ABOUT THIS TASK:
A word-for-word copy of the listing, free of images, is the expected answer.

RECORDED INFORMATION:
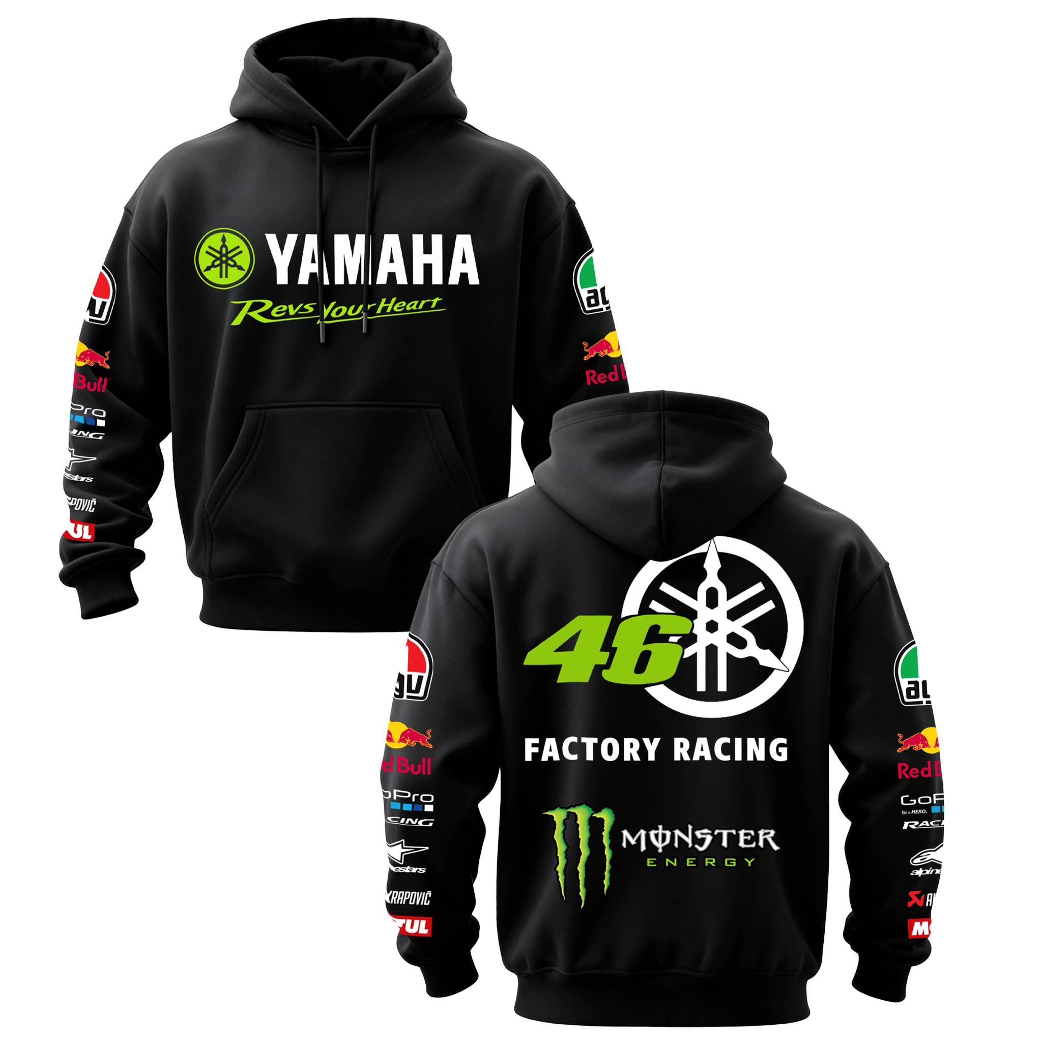 Yamaha Factory Racing Monster Energy Printed Fleece-lined Unisex Hoodie
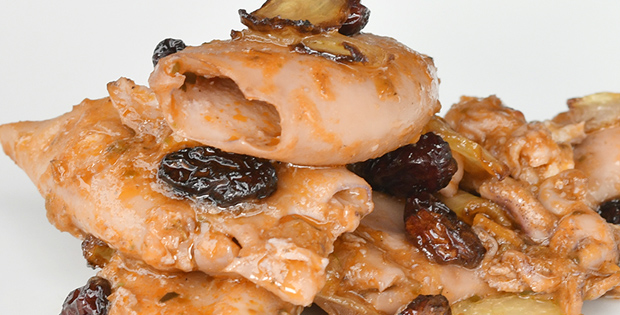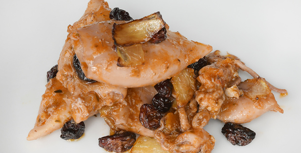 Calamares de bahía en salsa, sobre cama de cebolla caramelizada y pasas sultanas.
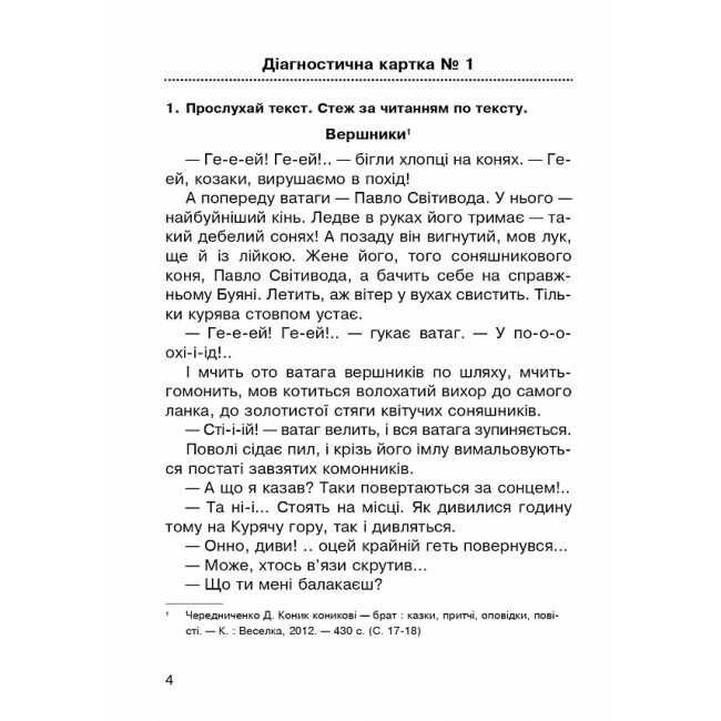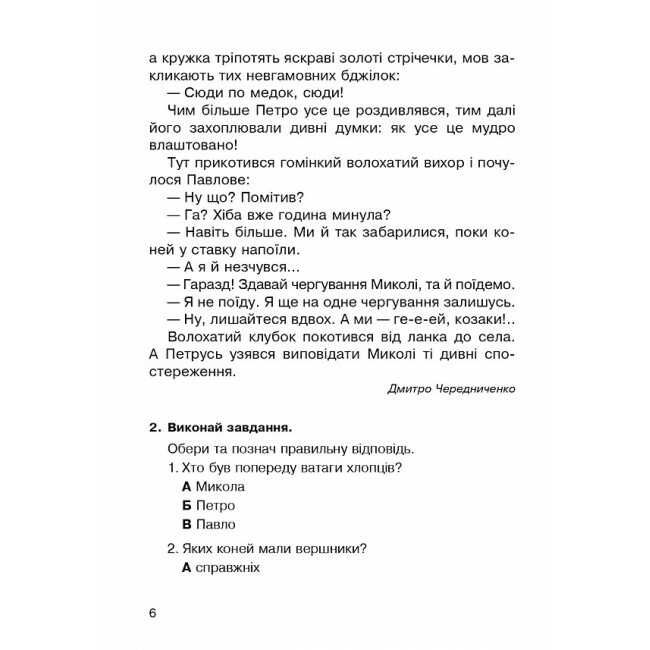 Літературне читання 2 клас Робота з літературним твором Діагностичні картки НУШ. У посібнику подано 12 діагностичних карток з літературного читання для поточної перевірки досвіду читацької діяльності учнів 2-го класу зокрема, робота з літературним твором, зміст яких відповідає Державному стандарту початкової освіти та типовим освітнім програмам. Спеціально дібрані художні тексти та завдання до них допоможуть учителеві перевірити вміння учнів визначати тему тексту, його головну думку, розрізняти жанри, встановлювати послідовність подій у творі, характеризувати вчинки дійових осіб, пояснювати зображувальні можливості художнього слова тощо.

TASK OUTPUT:
 Yamaha Factory Racing Monster Energy Printed Fleece-lined Unisex Hoodie
 Calamares de bahía en salsa, sobre cama de cebolla caramelizada y pasas sultanas.
 Літературне читання 2 клас Робота з літературним твором Діагностичні картки НУШ. У посібнику подано 12 діагностичних карток з літературного читання для поточної перевірки досвіду читацької діяльності учнів 2-го класу зокрема, робота з літературним твором, зміст яких відповідає Державному стандарту початкової освіти та типовим освітнім програмам. Спеціально дібрані художні тексти та завдання до них допоможуть учителеві перевірити вміння учнів визначати тему тексту, його головну думку, розрізняти жанри, встановлювати послідовність подій у творі, характеризувати вчинки дійових осіб, пояснювати зображувальні можливості художнього слова тощо.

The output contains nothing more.